Mike Whetung Remembers Whetung Ojibwa Crafts

This story is part of our partnership with Maryboro Lodge The Fenelon Falls Museum and was written by Glenn Walker.

KAWARTHA LAKES-In the 1960s, the economy of Curve Lake was in transition. Many older residents hunted and trapped, as their ancestors had since time immemorial. But the fur trade was on its last legs as the fur coat was transitioning from a fashionable style and something to be treasured for older generations to being the target of some younger people’s animal rights activism. While some older trappers still gathered furs, their children tended to look for something else to do with their lives.

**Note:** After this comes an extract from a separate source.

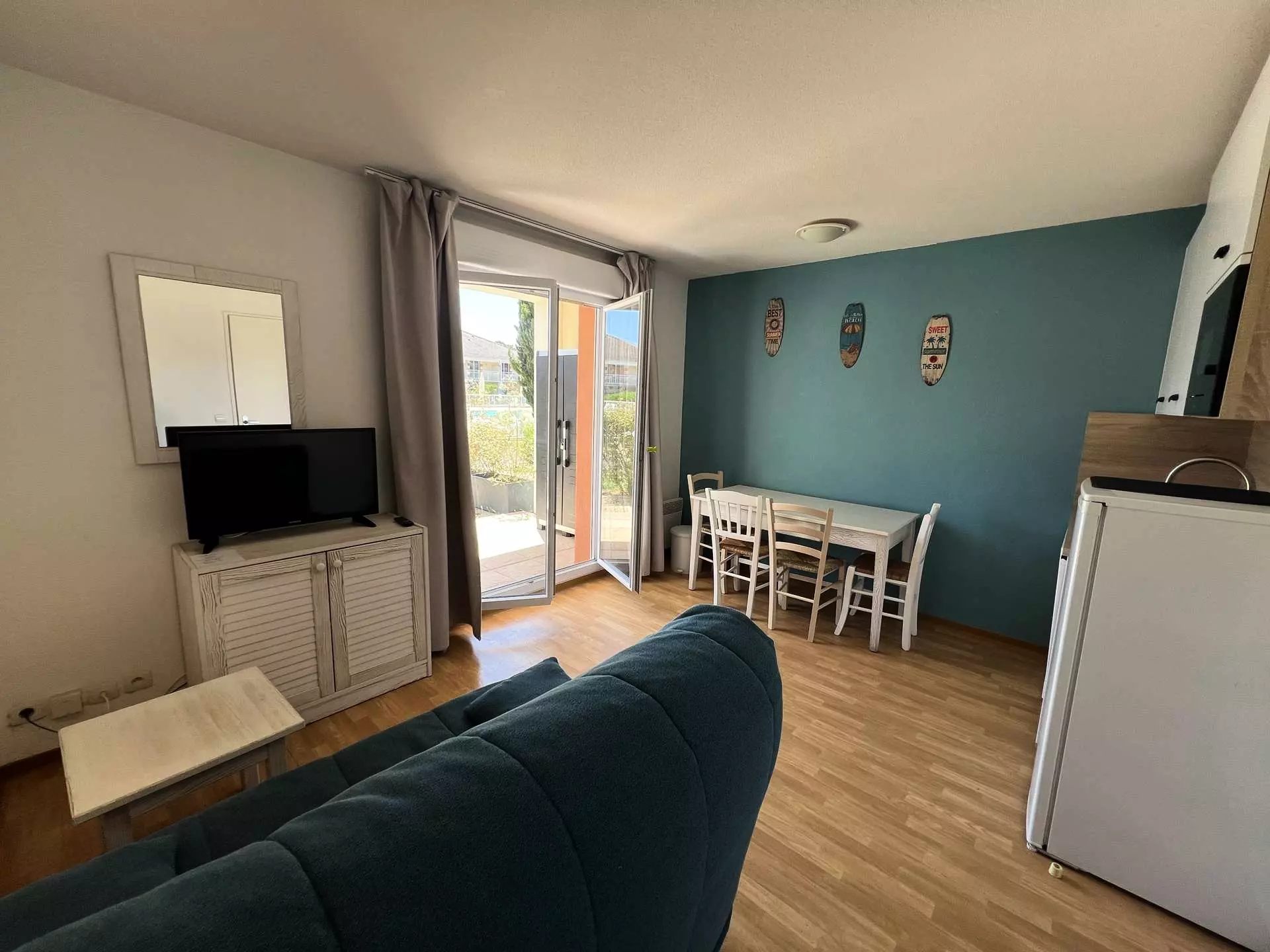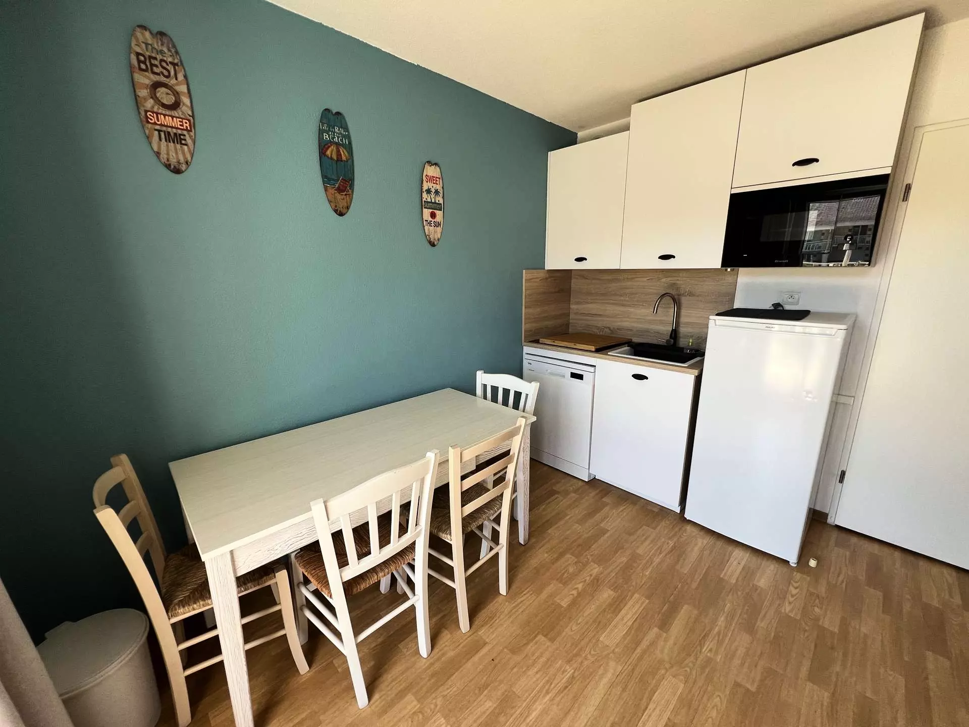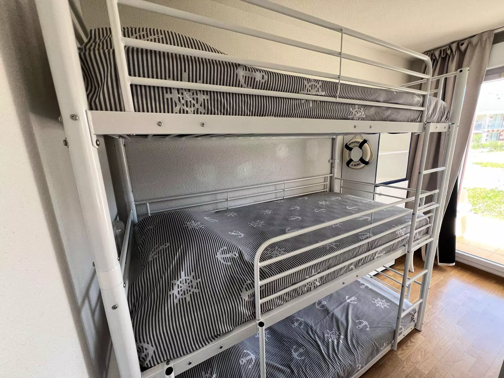 L'appartement se compose d'une entrée accueillante, une pièce à vivre avec sa cuisine équipée, une chambre avec un lit double (140 cm) et rangements, une seconde chambre avec trois lits simples superposés (90 cm), parfaite pour les enfants, une salle d'eau moderne, un WC indépendant.

The Crown interpreted a ‘basket clause’ in the Williams Treaty of 1923 to mean that the Michi Saagiig had surrendered any and all special rights they might have, including the right to hunt and fish—which had not been the intent of the Michi Saagiig. In the years that followed, the Province of Ontario would attempt to enforce game regulations on Michi Saagiig hunters, so hunting and gathering typically entailed figuring out how to evade game wardens. Given the population of Curve Lake, if they were not able to hunt beyond their own reserve, it would have been the end of this way of life. As it was, having to avoid the game wardens certainly made things much more difficult. 

Cliff and Eleanor Whetung

It was not an easy time for the older residents who had always hunted, gathered and fished. Cliff Whetung remembered that a driver would take hunters out to a certain point and pick them up somewhere else. They always had to keep moving to stay one step ahead of the game wardens. There were many stories of middle-of-the-night escapes. At times it was not legal to sell furs in Ontario, so sometimes the harvest had to be taken to Quebec.  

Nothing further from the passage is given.